Segment Start: TASK DATA

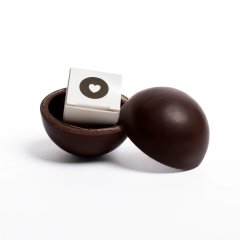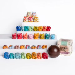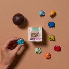 Bio-Zartbitter-Schokoladenkugel mit Überraschung, 25gIn der Edition „Glücksbringer“ befindet sich ein kleines handbemaltes Glückstier aus Speckstein.
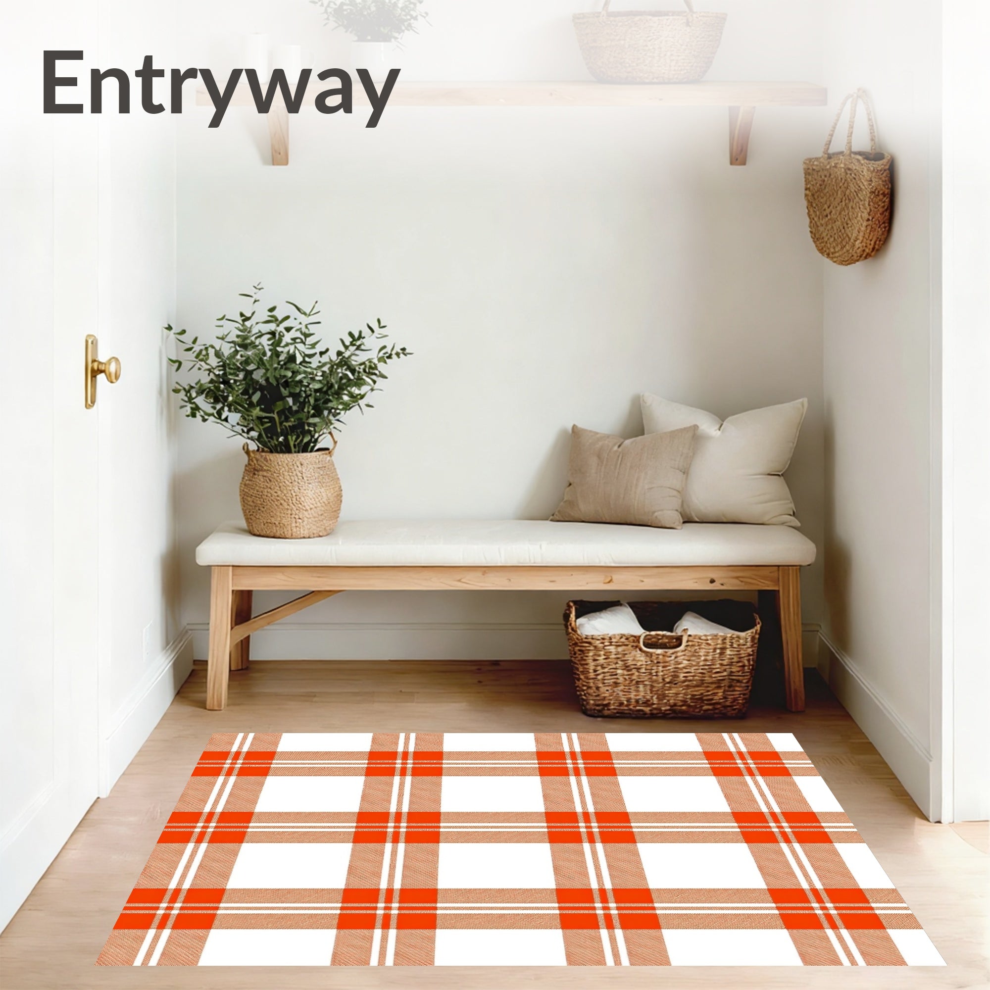 Ultra Soft Area Rug, Non Slip, Stain Resistant, Washable Area Rugs for Living Room, Bedroom, Highland Tartan Seasonal Welcome Surface(Orange) Overview:
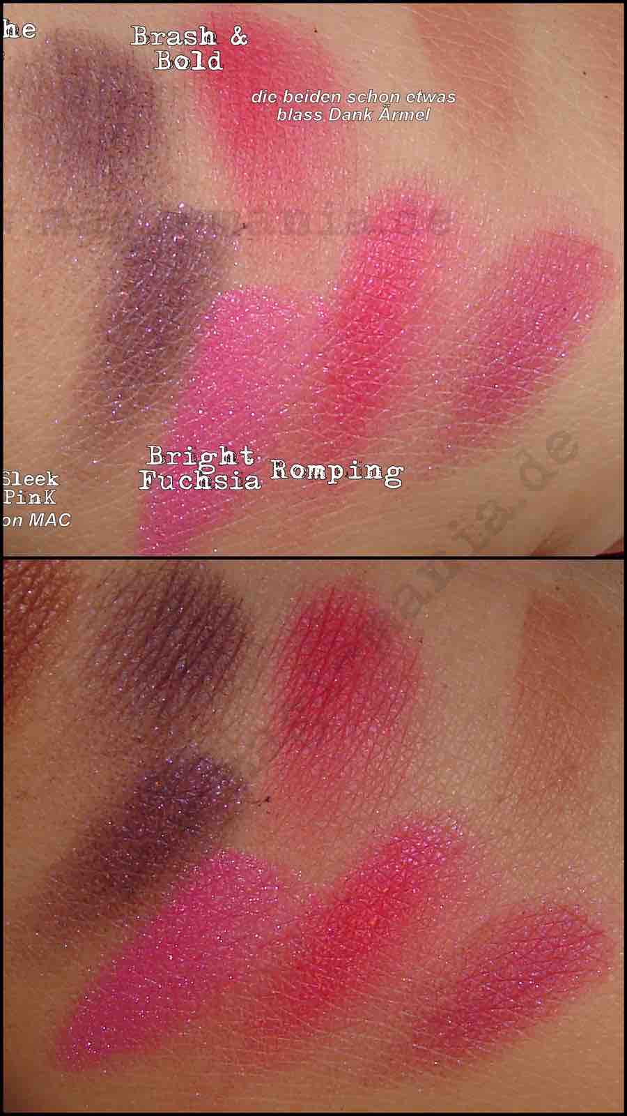 Leider, leider ist der Swatch etwas wenig aussagekräftig, aber ich führte die neuen Pigments BRASH & BOLD sowie PUSH THE EDGE mehrere Stunden durch die Stadt, zum Essen etc. sodass sie bereits etwas vom Ärmel verwischt wurden. Dennoch erkennt man durchaus, dass die Ähnlichkeit zum PRO Pigment GRAPE und dem pinken BRIGHT FUCHSIA nicht von der Hand zu weisen sind. Ich bin mir sicher, es kursieren noch mehr Swatches im Netz. Wer die genannten Piggies bereits hat, braucht aus meiner Sicht nicht unbedingt die beiden neuen – wer allerdings nicht die Möglichkeit hat ihn einem der PRO Stores einzukaufen, sollte bei den schönen Farben zuschlagen.
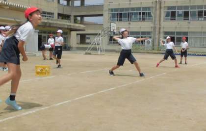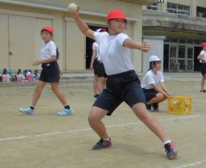 今日の体育はソフトボール投げの計測をしました。紅白玉で投球の練習をし、その後本番を行いました。遠くへ飛ばそうとする意識で、みんな斜め上を意識して投げていました。自己新記録は出せたかな?
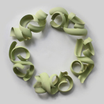 For the first time Wouter Dam made work consisting of several parts. Together they form a ring that hangs on the wall. At VIVID you can see a green ring out of 5 parts and a soft pink ring of 7 parts hung opposite of each other in the middle of the exhibition.
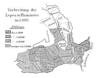 | Keywords: Verbreitung der Lepra in Rumänien im J.1897.JPG en Map of the Romanian Kingdom showing leprosy distribution per county as recorded in 1897 Lepra in Rumänien Berlin 1904 available through the Bucharest City Library http //digitool dc bmms ro 8881/R/3YEN91RDQHN2LLAT98CMIIVH6GP3F19S45D2I6YYIM6AN3KQEN-00734 func search DacoRomanica archive Victor Babeş 1904 Victor Babeș Maps of the Kingdom of Romania Demographic maps of Romania Disease incidence maps of Romania Leprosy in Romania 1897 in Romania 1897 in medicine 1904 maps Maps in German PD-old |
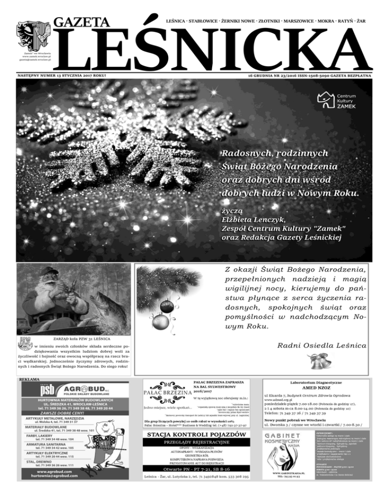 GAZETA Wydawca: Centrum Kultury Zamek” we Wrocławiu www.zamek.wroclaw.pl [email protected] LEŚNICA · STABŁOWICE · ŻERNIKI NOWE · ZŁOTNIKI · MARSZOWICE · MOKRA · RATYŃ · ŻAR LEŚNICKA NASTĘPNY NUMER 13 STYCZNIA 2017 ROKU! 16 GRUDNIA NR 23/2016 ISSN-1508-5090 GAZETA BEZPŁATNA Z okazji Świąt Bożego Narodzenia, przepełnionych nadzieją i magią wigilijnej nocy, kierujemy do państwa płynące z serca życzenia radosnych, spokojnych świąt oraz pomyślności w nadchodzącym Nowym Roku. ZARZĄD koła PZW 31 LEŚNICA w imieniu swoich członków składa serdeczne podziękowania wszystkim ludziom dobrej woli za życzliwość i hojność oraz owocną współpracę na rzecz braci wędkarskiej. Jednocześnie życzymy zdrowych, rodzinnych i radosnych Świąt Bożego Narodzenia. Do siego roku! REKLAMA Radni Osiedla Leśnica RUBRYKA REDAGOWANA PRZEZ RADĘ OSIEDLA LEŚNICA WWW.LESNICA.ORG LEŚNICA STABŁOWICE ZŁOTNIKI MARSZOWICE MOKRA RATYŃ ŻAR ŻERNIKI NOWE RADA OSIEDLA INFORMUJE: Osiedlowe imprezy Mikołajkowe Informujemy Państwa, że zgodnie z uchwałą Rady Osiedla, w grudniu br. został sfinansowany zakup paczek świątecznych dla 180 dzieci i młodzieży będących pod opieką Centrum Rozwoju aktywności Dzieci Młodzieży „Źródełko” przy parafii pw. św. Jadwigi w Leśnicy, świetlicy środowiskowej „Andrzejówka” przy parafii pw. św. Andrzeja Apostoła w Stabłowicach, świetlicy socjoterapeutycznej Antynarkotycznego Stowarzyszenia Katolickiego „KARAN” przy ul. Skoczylasa 8 oraz rekomendowanych przez Zespół Terenowej Pracy Socjalnej nr 2 MOPS. Paczki te zostały wręczone w ramach przygotowanych i przeprowadzonych przez wyżej wymienione ośrodki uroczystości mikołajkowych, za co dziękujemy ich kierownictwu i pracownikom. Szczególnie dziękujemy Wrocławskiemu Centrum Rozwoju Społecznego Urzędu Miasta za wspaniałomyślność i wsparcie naszego przedsięwzięcia – projektu zgłoszonego przez Radę Osiedla – dodatkową kwotą 1320 zł. Ponadto funduszami naszej rady wsparliśmy uroczystości mikołajkowe organizowane w dniu 4 XII br. przez CK „Zamek”. Za ich przygotowanie i przeprowadzenie na ręce pani dyrektor Elżbiety Lenczyk składamy serdeczne podziękowania personelowi Centrum Kultury „Zamek”. Łączna wartość tych obu świątecznych akcji (wraz z dotacją) wyniosła w tym roku 6820 zł. Przy tej okazji zwracamy się do mieszkańców Osiedla, w tym szczególnie potencjalnych sponsorów i darczyńców, o niezapominanie podczas zbliżających się Świąt Bożego Narodzenia o osobach potrzebujących, samotnych i chorych, dla których każdy dar serca może być niezapomnianą „gwiazdką z nieba”. Zmiany w składzie Zarządu Osiedla Leśnica Informujemy, że z ważnych powodów osobistych radna osiedla Dorota Kokurewicz złożyła rezygnację z funkcji wiceprzewodniczącej Zarządu Osiedla Leśnica. Bardzo serdecznie dziękujemy pani Dorocie za dotychczasowy duży wkład pracy i zaangażowanie w działalność społeczną. Zgodnie z uchwałą Rady funkcję tę objął radny Kazimierz Wilk. Panie Kazimierzu, życzymy wielu sukcesów w pracy społecznej w Zarządzie na stanowisku Wiceprzewodniczącego. Kontenery na odpady 16 i 20 grudnia br. wielkogabarytowe – Informujemy, że w grudniu, ostatni raz w tym roku, będą rozstawiane kontenery na odpady wielkogabarytowe. 16 grudnia w Stabłowicach w następujących lokalizacjach: zbieg ulic Ananasowa– Stabłowicka; Chwałkowska–Górecka (koło transformatora); Jeleniogórska–Kruszcowa; Jeleniogórska–Śnieżna; Lazurowa–Boguszowska; Samotna– Wełniana; Starogajowa–Przesiecka; Starogajowa 6; Śnieżna (z tyłu pawilonu handlowego Dino); ul. Żółta (naprzeciw ulicy Białej). Natomiast 20 grudnia kontenery będą rozstawione na osiedlach Ratyń: ul. Gromadzka (przy pętli autobusowej); zbieg ulic Miodowa–Batorego; Gromadzka (przy transformatorze); Gromadzka 49; Mokra: zbieg ulic Chobieńska–Mojęcicka, zbieg ulic Świerkowa–Ulowa; Marszowice: ul. Marszowicka 30, zbieg ulic Marszowicka–Wilkszyńska (od strony rzeki Bystrzycy); Żar: zbieg ulic Lutyńska– Lubska (przy transformatorze) i Żerniki Nowe: ul. Grabowa (na końcu ulicy); ul. Lewa (na końcu ulicy); ul. Trójkątna (naprzeciw nr 36); zbieg ulic Białodrzewna–Bukowa (obok bunkra). Czas na świąteczne porządki. Prosimy o wcześniejsze przygotowanie rzeczy, których chcemy się pozbyć. Przypominamy, że na stronie internetowej sp. Ekosystem zostały również wskazane miejsca i podane terminy ustawienia kontenerów zaproponowane przez spółdzielnie i duże wspólnoty mieszkaniowe np. TBS. Do precyzyjnego zlokalizowania miejsca rozmieszczenia wymienionych kontenerów można również wykorzystać wirtualną mapę. Projekt Ratyń I – na finiszu Wykonawca realizuje obecnie prace odtworzeniowe nawierzchni ulic objętych budową i modernizacją sieci wodociągowej i kanalizacji sanitarnej. Położono nakładkę asfaltową na ulicy Serowarskiej, odtwarzane będą ubytki w wybrukowanych ciągach spływu wody opadowej, naprawiane popękane i zapadnięte chodniki i wjazdy oraz fragmenty krawężników. Zaplanowano również oczyszczenie ulic z odpadów i śmieci budowlanych, wyrównanie i obsianie trawą poboczy gruntowych ulic objętych wymienioną inwestycją oraz oznakowanie progów spowalniających. Prosimy jeszcze o trochę cierpliwości i o niepozostawianie swoich pojazdów w obrębie jezdni i chodników, szczególnie w miejscach planowanych i prowadzonych prac. Przypominamy, żeby swoje uwagi szczególnie dotyczące podjazdów i chodników w pierwszej kolejności zgłaszać do wykonawcy, firmy AG System. Należy też zwrócić uwagę na uszkodzenia powstałe w obrębie swoich posesji, np. chodniki, ogrodzenia, trawniki, elementy architektury ogrodowej itp. Kontakt: inżynier budowy 519 138 605, kierownik budowy 512 040 925. Radny Zbigniew Mianowski został upoważniony do kontaktów z kierownict

Segment End: TASK DATA

#### [DESCRIPTION OF THE TASK]
Please copy out from the data above, without any picture, exactly the lines running from the one that holds "今日の体育はソフトボール投げ" through the one that holds "German PD-old |", and nothing beyond them.

#### [THE COMPLETED TASK]
 今日の体育はソフトボール投げの計測をしました。紅白玉で投球の練習をし、その後本番を行いました。遠くへ飛ばそうとする意識で、みんな斜め上を意識して投げていました。自己新記録は出せたかな?
 For the first time Wouter Dam made work consisting of several parts. Together they form a ring that hangs on the wall. At VIVID you can see a green ring out of 5 parts and a soft pink ring of 7 parts hung opposite of each other in the middle of the exhibition.
 | Keywords: Verbreitung der Lepra in Rumänien im J.1897.JPG en Map of the Romanian Kingdom showing leprosy distribution per county as recorded in 1897 Lepra in Rumänien Berlin 1904 available through the Bucharest City Library http //digitool dc bmms ro 8881/R/3YEN91RDQHN2LLAT98CMIIVH6GP3F19S45D2I6YYIM6AN3KQEN-00734 func search DacoRomanica archive Victor Babeş 1904 Victor Babeș Maps of the Kingdom of Romania Demographic maps of Romania Disease incidence maps of Romania Leprosy in Romania 1897 in Romania 1897 in medicine 1904 maps Maps in German PD-old |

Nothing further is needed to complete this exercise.